The bottom line is that once you wrap your head around the BCGA concept and are comfortable that this is truly a nascent resource play, you can start thinking of Valeura as a vessel that can take massive amounts of capital and return them to you with a nice profit. The well details at that point are just details, and Valeura and Statoil might only be one or two wells away from drilling a vertical well into one of these structural corridors where the Thrace will really show what it can do.

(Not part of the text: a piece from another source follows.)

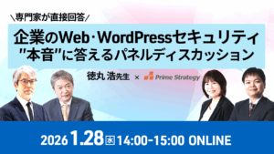 - 対象の方:特にWordPressサイトを管理運営している、Webサイト担当者様/責任者様、情報システム部門担当者様/責任者様、DX系部署の担当者様/責任者様、本内容にご興味を持っていただいた方

Does a supermajor step in before that well is drilled? Quite possibly. If I learned anything while doing my studies in geodynamics, it’s that there’s no doubt that the rocks in the central Thrace have been put through some pretty major tectonic forces over time and that there’s a very good chance that there are some very fractured rocks down there. If I know that, then there’s no doubt a guy smarter than me at any one of many supermajors that knows that, and he’s the guy who will be part of the team whose job it is to identify and capture assets like these before anyone knows how much they’re really worth.